The average distance between adjacent SNPs, after quality control and exclusion of possible misplaced SNPs, was higher for DU (0.07 Mbp), than for LA, YO, and F1 (0.06 Mbp) populations. The largest distance between adjacent SNPs was observed on chromosome 3 for DU (4.87 Mbp) and chromosome 2 for YO (2.82 Mbp), F1 (2.82 Mbp), and LA (2.62 Mbp) populations.

Population structure and genetic diversity

The first two principal components clearly discriminate all the breeds and F1 animals included in this study by revealing four main clusters represented by Duroc, Landrace, Yorkshire and Crossbred (Landrace x Yorkshire, F1) (Fig. 1). The first two PCs explained 6.36% and 4.69% of the total variation. As expected, F1 was situated between Landrace and Yorkshire. Landrace, Yorkshire and F1 are genetically more similar among themselves compared to Duroc.

Fig. 1
figure 1

Principal component decomposition of the genomic relationship matrix colored by breed (PC1: 6.36% and PC2: 4.69%)

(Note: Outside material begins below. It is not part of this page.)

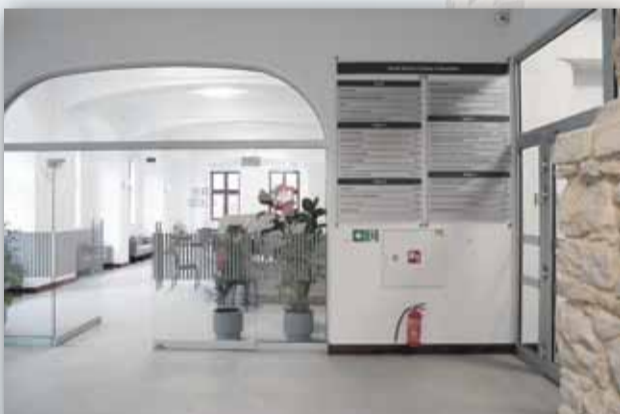
WEJŚCIE DO BIURA OBSŁUGI KLIENTA

Table 3 shows the genetic diversity metrics and a characterization of runs of homozygosity in the pig genome. Landrace and F1 displayed the highest levels of observed and expected heterozygosity. However, the differences among all the breeds were small. The average genetic distance between individuals was 0.30, 0.31, 0.30 and 0.28 within Duroc, Landrace, Yorkshire and Crossbred, respectively. The average MAF ± SD was 0.28 ± 0.13, 0.29 ± 0.13, 0.28 ± 0.13 and 0.29 ± 0.13 for Duroc, Landrace, Yorkshire and F1, respectively. There were differences between populations in terms of number and length of ROH (Fig. 2). Crossbred animals presented the lowest average number of ROH segments (NSEG, 8.25 ± 3.92) and Yorkshire presented the highest NSEG (25.88 ± 5.71). In general, Landrace and Yorkshire presented the highest number of ROH segments, which were larger in size and contained a greater number of SNPs per segment (Table 3). The inbreeding coefficients were similar among the purebred animals and lower for F1 animals, as expected (Table 3). Despite of the low to moderate inbreeding levels in the purebred animals, there were individuals with high inbreeding coefficients, indicating the need to account for inbreeding when planning matings. Table 4 shows the Pearson correlations among alternative inbreeding measures per population. For all purebred animals, FPED presented a higher correlation with FEH, followed by FROH and FVR. The highest correlation (0.79) was observed between FROH and FVR for crossbred animals. The effective population size in each generation is shown on Fig. 3. Ne at five generations ago was equal to 75 for DU and 92 for both LA and YO breeds, while 400 generations ago Ne was approximately 328 for DU, 515 for LA and 478 for YO.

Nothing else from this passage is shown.